Mica membrane snares more application prospects than graphene
Based on the confirmation that two-dimensional materials such as graphene can be used as proton conduction materials, Zhang Sheng and his co-authors have actively explored another two-dimensional material, mica, which is more promising than graphene in the field of fuel cells.
“The mica is an extremely abundant and inexpensive mineral in the earth’s crust, with a sponge-like layer of aluminum silicate, and potassium ions, like water, in its pores. As an ion exchange reaction, potassium ions can be easily exchanged with protons, Zhang said. Because the radius of potassium ions is about 100 pitry, and the proton radius is about 0.001 pitry, which is much smaller, protons can be well transmitted in the pores in which the potassium ions are located.
It is found that the proton conductivity of the mica membrane after ion exchange processing has been greatly improved, and the application temperature can be extended from 100 degrees C to 500 degrees C, which is very promising. “We found that the coinecell proton conductivity increased by 100 times after the ion exchange reaction, ” Zhang said.
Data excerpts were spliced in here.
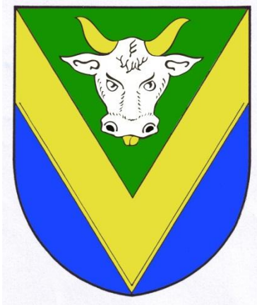
Znak obce Volárna
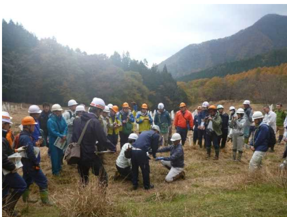
図-3 単木柵の設置体験

利根沼田森林管理署主催の元、植栽後の2019年11月11日に、県内の林業関係者を対象に現地検討会を開催した。検討会では、コウヨウザンの説明や試験地の概要、林業試験場考案した単木柵の設置体験およびさし木増殖により育苗したコウヨウザンの植栽体験を行い、普及啓発を行った(図-3、4)。
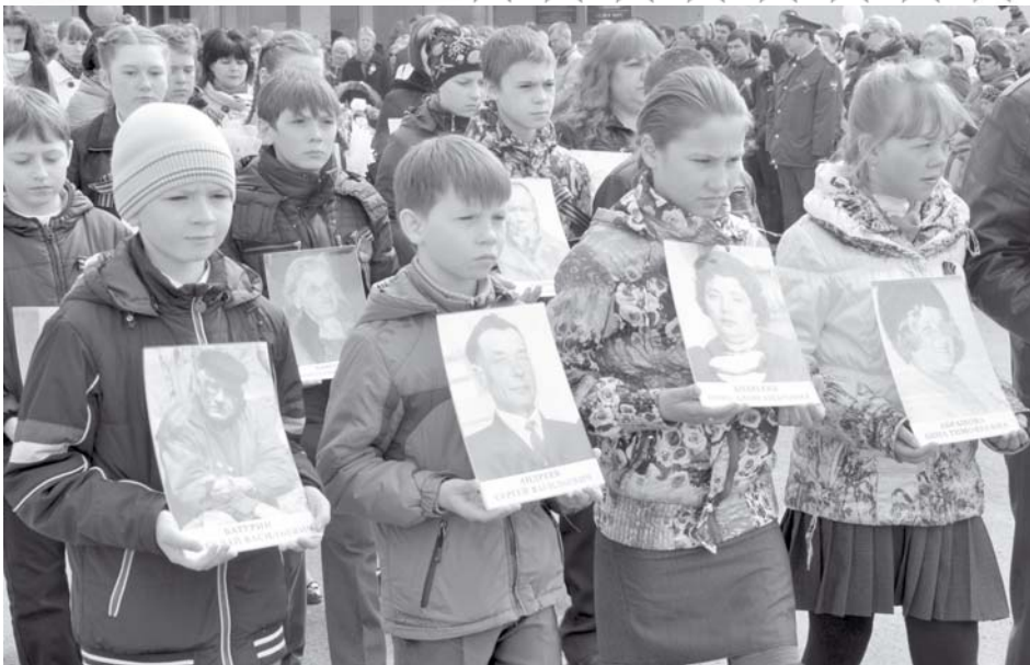
«БЕССМЕРТНЫЙ ПОЛК» ОНИ ДОЛЖНЫ ИДТИ ПОБЕДНЫМ СТРОЕМ В ЛЮБЫЕ ВРЕМЕНА
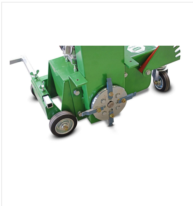
Głowica noży z 4 sztukami noży uderzeniowych wykonanych z metalu twardego
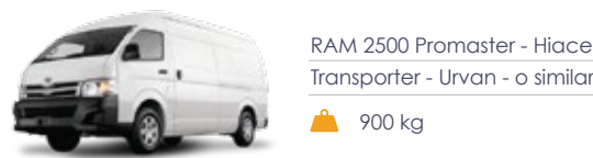
RAM 2500 Promaster - Hiace Transporter - Urvan - o similar 900 kg
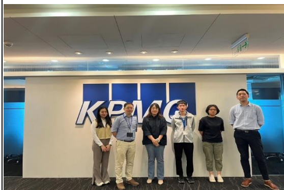
照片 1 說明：KPMG
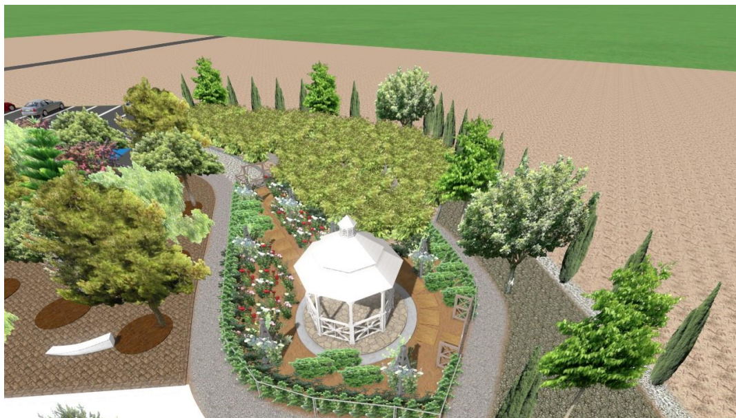
Εικόνα:23 Κήπος των Ρόδων

Ο τρίτος κήπος που βρίσκουμε είναι ο κήπος των αρωματικών φυτών ο οποίος έχει έκταση 215τ.μ. Η δημιουργία του έγινε με συστάδες αρωματικών φυτών σε ομαδοποίηση.
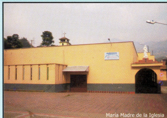
Maria Madre de la Iglesia

Fiesta Patronal: 8 de diciembre. Fiesta de la Inmaculada Concepción.
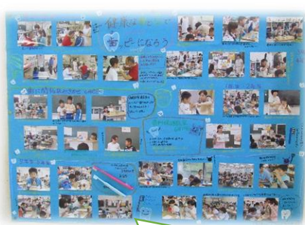
歯科検診や歯みがきの様子
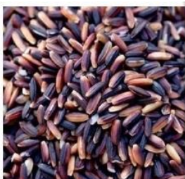
Black kavuni rice

3.1 Črni riž , ki ga pogosto imajo za prepovedanega, ima v resnici najvišjo hranilno vrednost. Zrnje je srednje velikosti, imeli so ga najprej na Kitajskem, je naravno brez glutena, bogato z beljakovinami, železom in
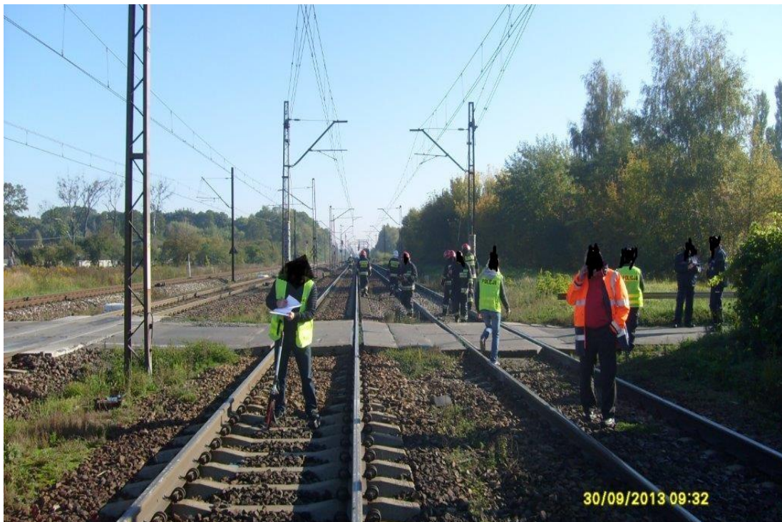
Widok nawierzchni przejazdu – widok z boku.
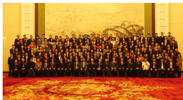
第八届活动的获奖代表在人民大会堂合影
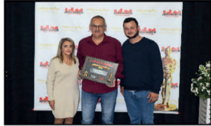
CRISLEY CLIMATIZAÇÕES E SERVIÇOS - REFRIGERAÇÃO E CLIMATIZAÇÃO DESTAQUE DO ANO
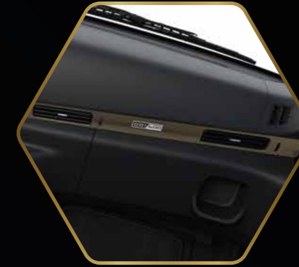
Bronzen Decopart & Select serienummer
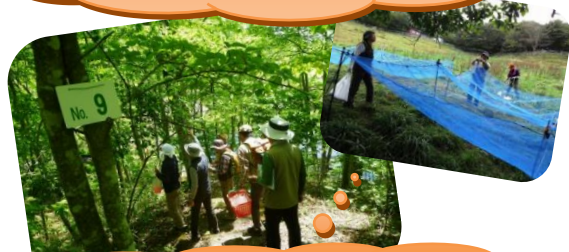
各種研修勉強会。塩原の森づくり活動。その他森林利活用活動。
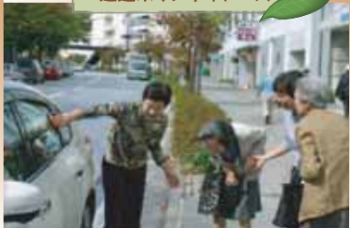
送迎ボランティアーズ
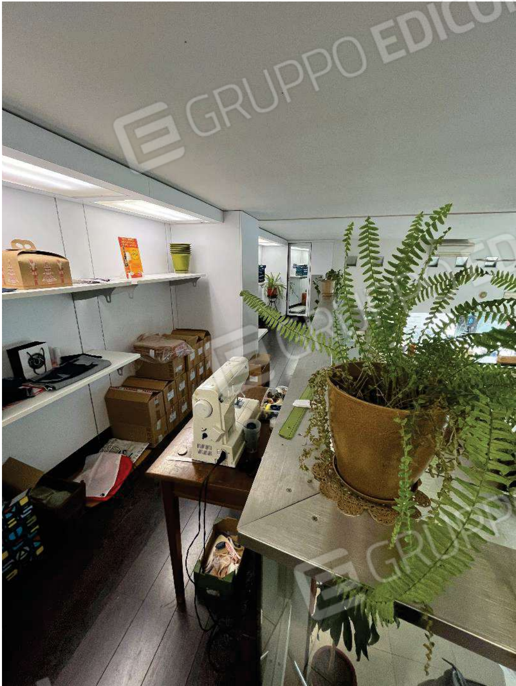
Figura 33: vista soppalco

At the same time, the thermal stability of the mica membrane is higher, and the reserves are abundant and the price is low. “The study also found that at temperatures of 150 degrees C, the masteria proton conductivity was more than twice the current commercial requirement, and that when used in fuel cells, the vehicle’s mileage would be significantly increased.
At present, Zhang Sheng is leading the research team to prepare large-scale mica film, using its high-efficiency proton conductivity and excellent heat resistance to improve the existing fuel cell technology to promote the development of fuel cell vehicles. In addition to fuel cells, Zhang also plans to use the proton conduction membrane materials for solar photolysis, marine blue energy extraction, and many clean energy technologies for the electrochemical conversion of carbon dioxide into chemical raw materials such as meth acid, ethanol and ethylene.